Revocable and Privacy-Preserving Decentralized Data Sharing Framework for Fog-Assisted Internet of Things
Jiawei Zhang, Jianfeng Ma, Yanbo Yang, Ximeng Liu, Naixue Xiong
Abstract
Fog-assisted Internet of Things (IoT) can outsource the massive data of resource-constraint IoT devices to cloud and fog nodes (FNs). Meanwhile, it enables convenient and low time-delay data-sharing services, which relies heavily on high security of data confidentiality and fine-grained access control. Many efforts have been focused on this urgent requirement by leveraging ciphertext-policy attribute-based encryption (CP-ABE).
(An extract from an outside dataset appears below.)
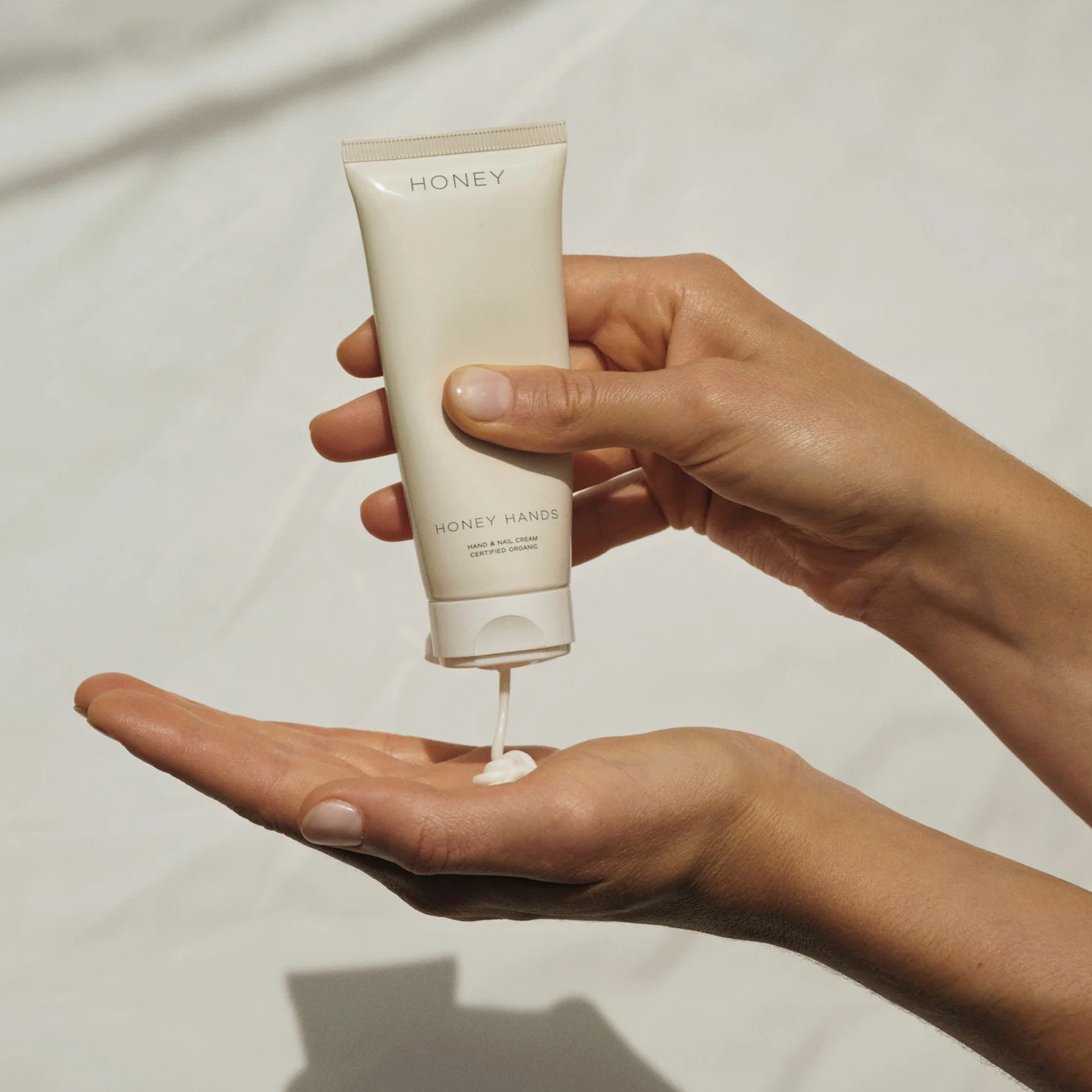 HONEY Hands er formuleret med økologisk avocadoolie, der forbedrer hudens struktur og styrker både hud og negle. Økologisk sheasmør beskytter og holder på fugten, økologisk aloe vera beroliger og fugter, mens squalane fra oliven er med til at genskabe hudens elasticitet. Den fungerer også som neglepleje, perfekt til at massere ind i neglebåndene, så hænder og negle får ekstra glans og pleje.

However, when deployed in fog-assisted IoT systems for secure data sharing, it remains a challenging problem of how to preserve attribute privacy of access policy, and trace-then-revoke traitors (i.e., malicious users intending to leak decryption keys for illegal profits) efficiently and securely in such a large scale and decentralized environment with resource-constraint user devices, especially in consideration of misbehaving cloud and FNs. Therefore, in this article, we propose a revocable and privacy-preserving decentralized data-sharing framework (RPDDSF) by designing a large universe and multiauthority CP-ABE scheme with fully hidden access policy for secure data sharing in IoT systems to achieve user attribute privacy preserving with unbounded attribute universe and key escrow resistance suitable for large scale and decentralized environment. Based on this, with RPDDSF, anyone can efficiently expose the traitors and punish them by forward/backward secure revocation. Besides, RPDDSF is able to guarantee data integrity for both data owners (DOs) and users to resist misbehaving cloud and FNs, alongwith low computation overhead for resource-constraint devices. Finally, RPDDSF is proven to be secure with detailed security proofs, and its high efficiency and feasibility are demonstrated by extensive performance evaluations.